Below are lines of data, and only some are wanted. Please repeat exactly those from the line that has "Alisson · Ramos" through the line that has "This is a game".

++++ Supplied information

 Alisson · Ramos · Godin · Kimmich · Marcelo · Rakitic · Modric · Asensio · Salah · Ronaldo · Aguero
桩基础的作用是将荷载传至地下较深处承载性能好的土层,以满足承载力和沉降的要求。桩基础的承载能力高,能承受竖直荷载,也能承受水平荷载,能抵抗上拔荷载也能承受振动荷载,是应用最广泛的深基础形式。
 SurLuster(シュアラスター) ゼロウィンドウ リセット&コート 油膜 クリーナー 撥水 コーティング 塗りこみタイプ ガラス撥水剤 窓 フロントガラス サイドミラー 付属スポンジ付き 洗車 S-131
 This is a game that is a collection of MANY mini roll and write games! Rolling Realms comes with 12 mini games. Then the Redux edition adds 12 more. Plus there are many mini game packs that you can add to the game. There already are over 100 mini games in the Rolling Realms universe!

++++++++
++++ Supplied information

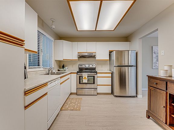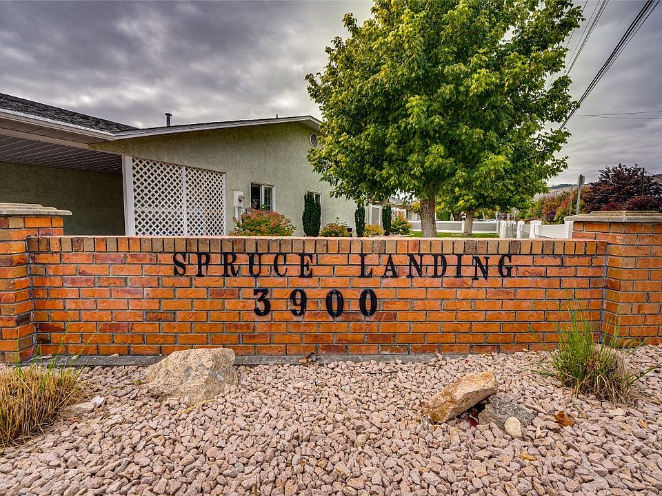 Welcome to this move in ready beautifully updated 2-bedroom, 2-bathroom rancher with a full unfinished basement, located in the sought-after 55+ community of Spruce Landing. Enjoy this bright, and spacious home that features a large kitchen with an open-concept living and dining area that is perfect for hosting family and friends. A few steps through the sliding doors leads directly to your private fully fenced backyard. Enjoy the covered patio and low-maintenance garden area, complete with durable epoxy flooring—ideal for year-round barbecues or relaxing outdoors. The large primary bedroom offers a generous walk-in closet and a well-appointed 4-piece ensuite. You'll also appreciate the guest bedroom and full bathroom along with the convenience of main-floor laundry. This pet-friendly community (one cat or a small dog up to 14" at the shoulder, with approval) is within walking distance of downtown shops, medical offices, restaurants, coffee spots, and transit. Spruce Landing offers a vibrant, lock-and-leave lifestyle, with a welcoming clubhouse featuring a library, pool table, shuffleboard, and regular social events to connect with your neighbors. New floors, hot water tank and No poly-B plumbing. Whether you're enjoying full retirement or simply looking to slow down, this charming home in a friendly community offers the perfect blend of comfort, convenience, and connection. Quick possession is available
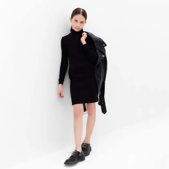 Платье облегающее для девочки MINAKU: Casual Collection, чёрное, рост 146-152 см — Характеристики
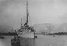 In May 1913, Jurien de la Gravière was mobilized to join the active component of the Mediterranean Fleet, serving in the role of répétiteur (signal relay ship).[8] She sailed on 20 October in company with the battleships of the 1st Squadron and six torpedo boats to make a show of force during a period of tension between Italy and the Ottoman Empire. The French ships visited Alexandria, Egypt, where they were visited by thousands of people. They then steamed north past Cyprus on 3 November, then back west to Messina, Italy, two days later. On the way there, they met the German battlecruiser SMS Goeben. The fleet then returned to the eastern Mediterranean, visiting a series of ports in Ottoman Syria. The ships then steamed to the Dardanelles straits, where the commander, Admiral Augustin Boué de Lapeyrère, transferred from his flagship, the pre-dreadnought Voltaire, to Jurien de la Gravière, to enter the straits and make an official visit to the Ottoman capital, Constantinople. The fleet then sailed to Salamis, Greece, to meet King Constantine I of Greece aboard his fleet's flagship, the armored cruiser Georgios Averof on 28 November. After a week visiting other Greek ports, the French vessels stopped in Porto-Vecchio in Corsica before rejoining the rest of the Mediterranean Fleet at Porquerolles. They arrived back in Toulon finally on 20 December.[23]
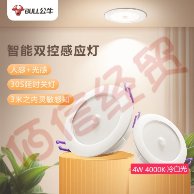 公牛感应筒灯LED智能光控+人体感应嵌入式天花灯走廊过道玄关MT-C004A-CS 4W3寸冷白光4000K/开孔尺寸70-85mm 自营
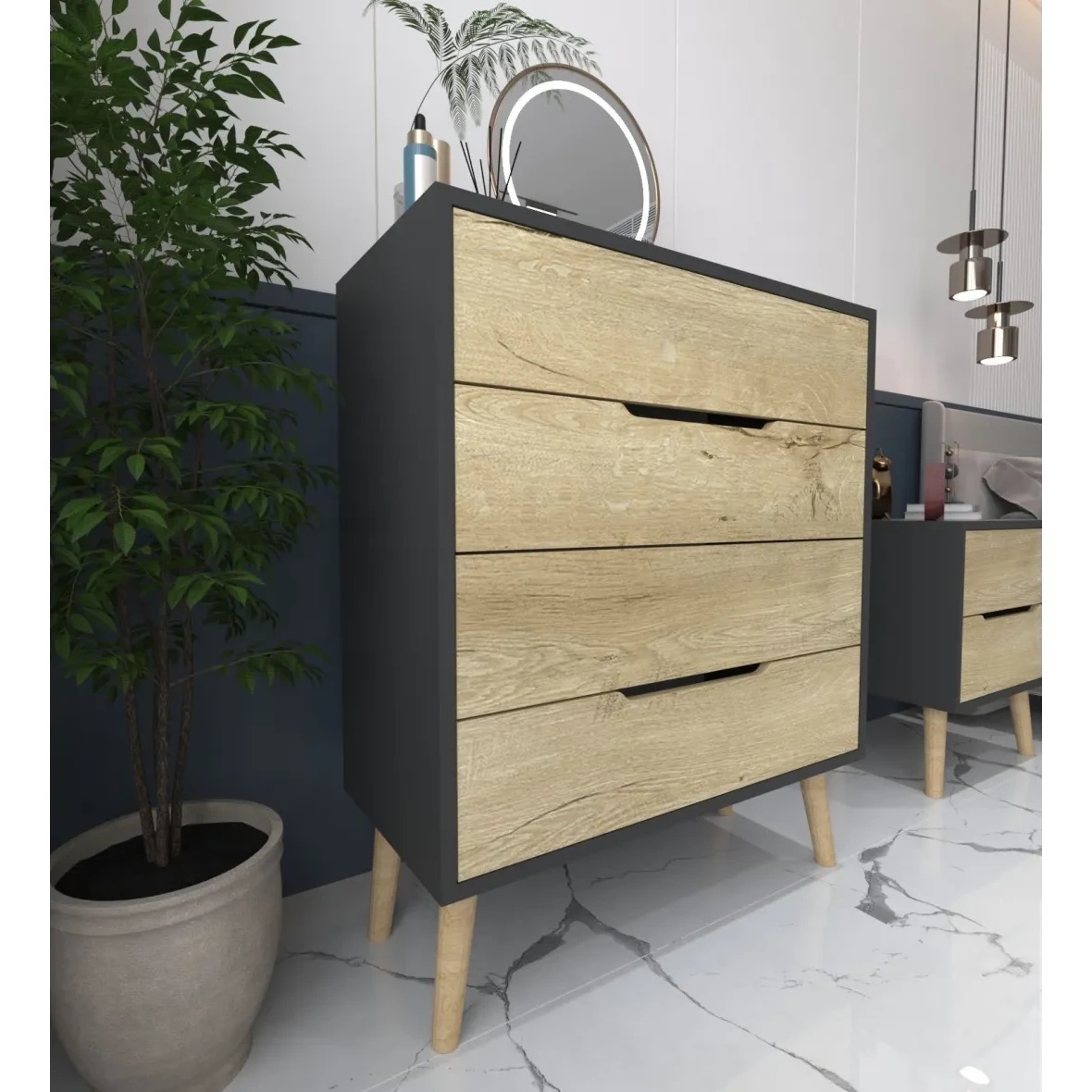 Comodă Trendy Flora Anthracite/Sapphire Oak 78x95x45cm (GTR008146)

++++++++
++++ Supplied information

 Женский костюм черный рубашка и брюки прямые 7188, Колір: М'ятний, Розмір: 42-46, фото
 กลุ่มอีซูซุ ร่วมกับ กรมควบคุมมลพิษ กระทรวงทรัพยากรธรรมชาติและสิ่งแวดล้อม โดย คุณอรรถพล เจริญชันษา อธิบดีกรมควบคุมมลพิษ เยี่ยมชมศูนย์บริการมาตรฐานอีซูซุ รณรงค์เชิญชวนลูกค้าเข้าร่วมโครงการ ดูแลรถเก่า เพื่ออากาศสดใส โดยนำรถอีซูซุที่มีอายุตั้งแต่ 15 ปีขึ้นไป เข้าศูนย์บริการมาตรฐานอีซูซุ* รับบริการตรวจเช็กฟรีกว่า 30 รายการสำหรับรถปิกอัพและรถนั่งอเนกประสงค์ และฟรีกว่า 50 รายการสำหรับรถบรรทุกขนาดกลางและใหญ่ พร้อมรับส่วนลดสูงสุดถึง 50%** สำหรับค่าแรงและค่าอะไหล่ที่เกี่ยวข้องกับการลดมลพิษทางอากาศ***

++++++++

Your solution:
 Alisson · Ramos · Godin · Kimmich · Marcelo · Rakitic · Modric · Asensio · Salah · Ronaldo · Aguero
桩基础的作用是将荷载传至地下较深处承载性能好的土层,以满足承载力和沉降的要求。桩基础的承载能力高,能承受竖直荷载,也能承受水平荷载,能抵抗上拔荷载也能承受振动荷载,是应用最广泛的深基础形式。
 SurLuster(シュアラスター) ゼロウィンドウ リセット&コート 油膜 クリーナー 撥水 コーティング 塗りこみタイプ ガラス撥水剤 窓 フロントガラス サイドミラー 付属スポンジ付き 洗車 S-131
 This is a game that is a collection of MANY mini roll and write games! Rolling Realms comes with 12 mini games. Then the Redux edition adds 12 more. Plus there are many mini game packs that you can add to the game. There already are over 100 mini games in the Rolling Realms universe!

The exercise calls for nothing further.